- _Task to complete_: Include the line containing "Ikari Sauce Co.,ltd. Nishinomiya-Factory." and every line after it up to the end of the material below; reproduce them exactly and drop the pictures.

- _The data_:
=======
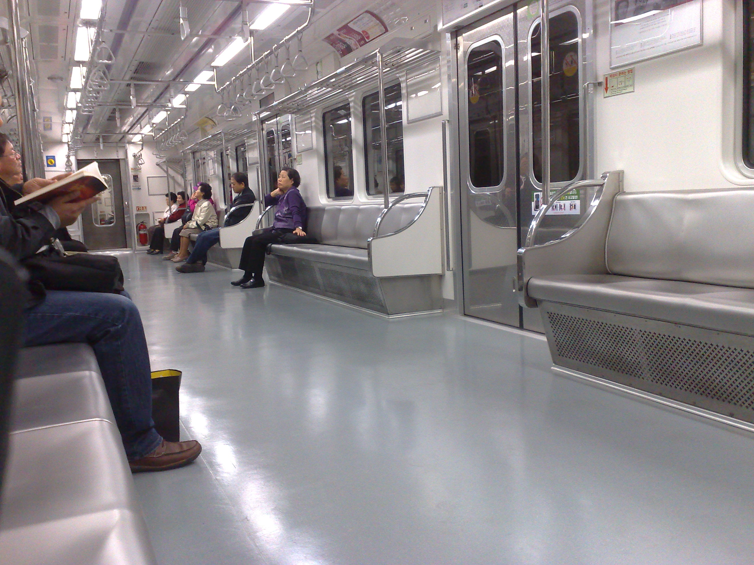 Photo taken on line 5 of the Seoul Metro
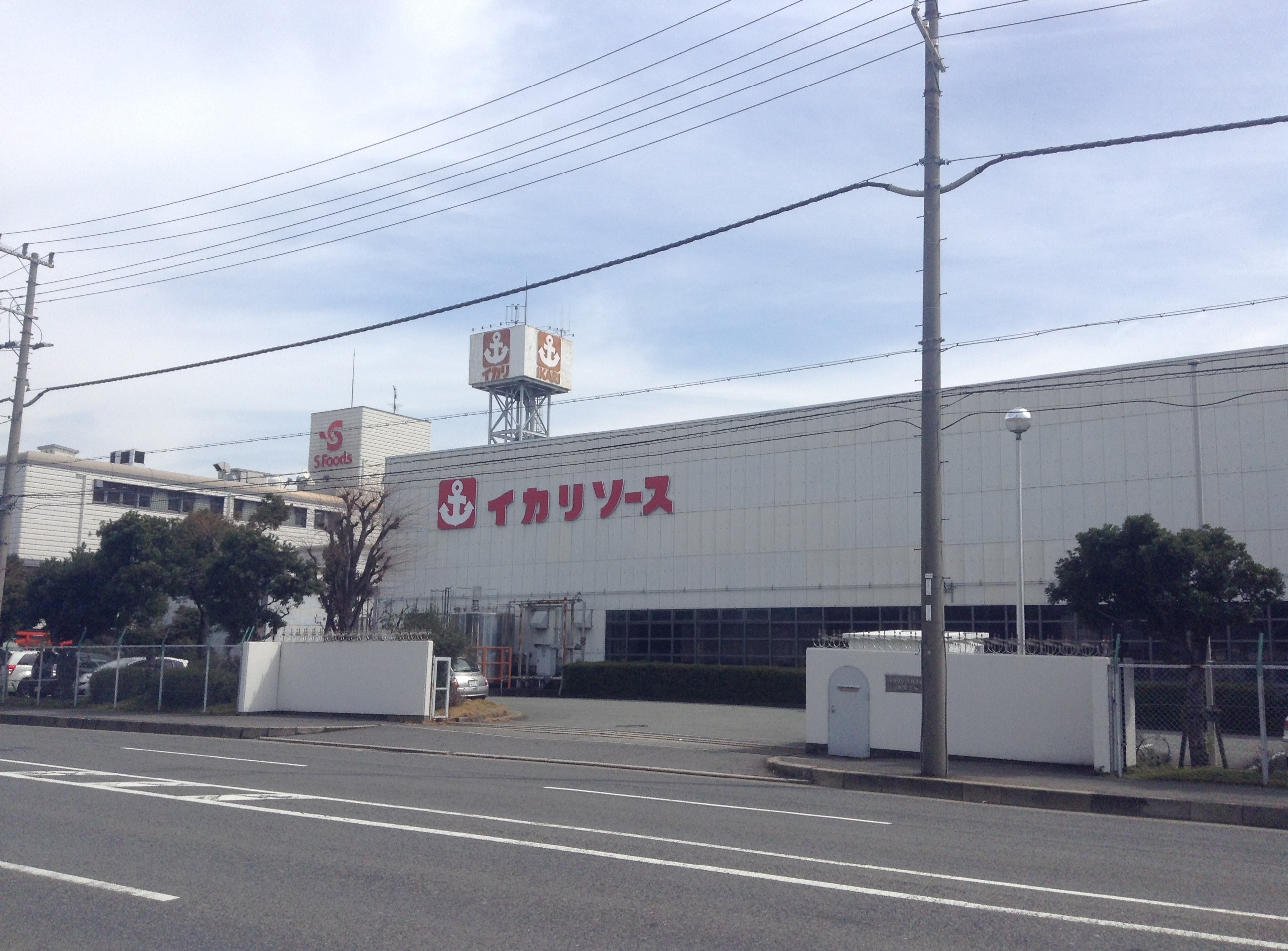 Ikari Sauce Co.,ltd. Nishinomiya-Factory.
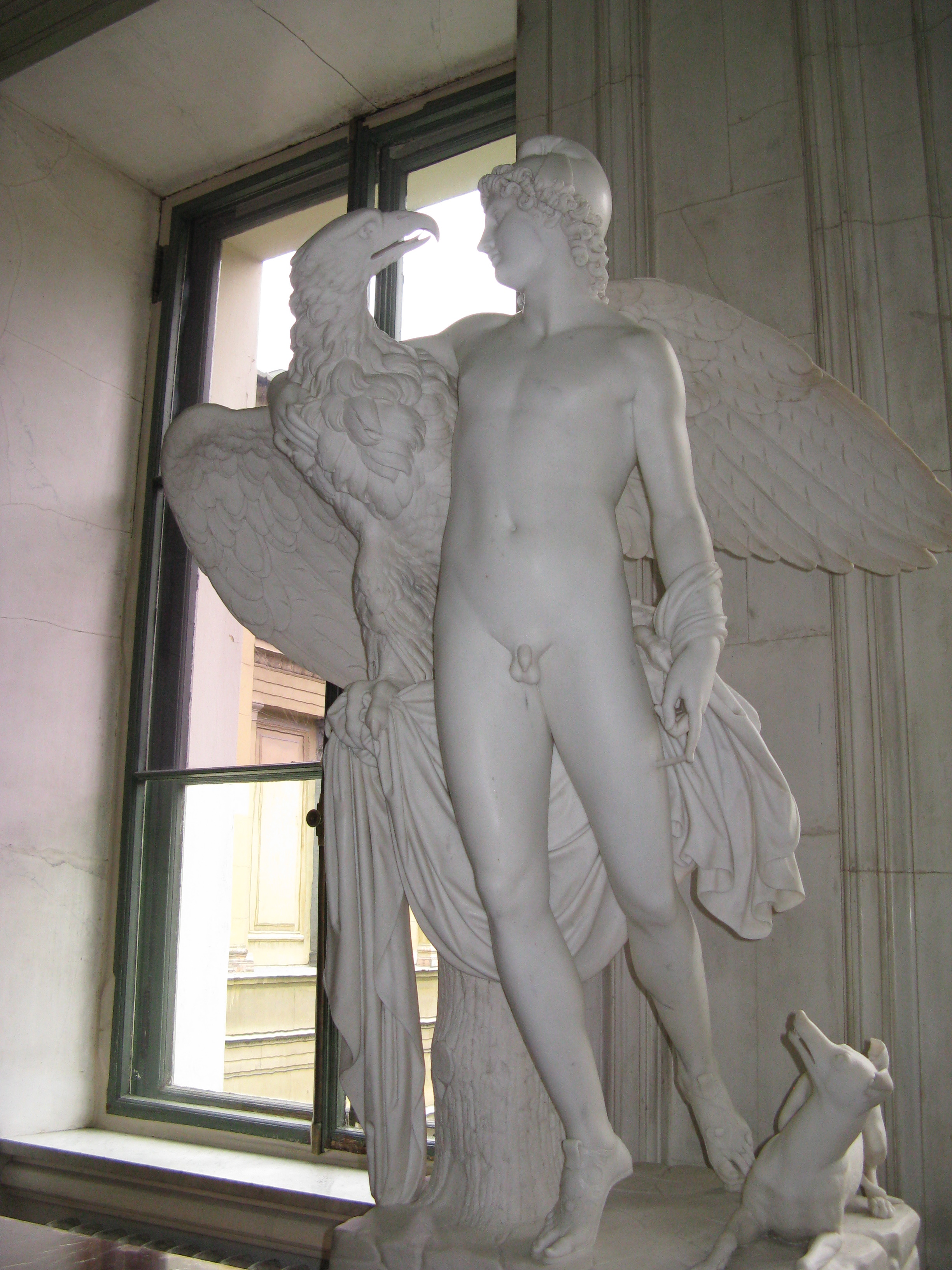 Ganymede by Adamo Tadolini (1788-1868) at the Hermitage.
=======
- _Exercise result_:
 Ikari Sauce Co.,ltd. Nishinomiya-Factory.
 Ganymede by Adamo Tadolini (1788-1868) at the Hermitage.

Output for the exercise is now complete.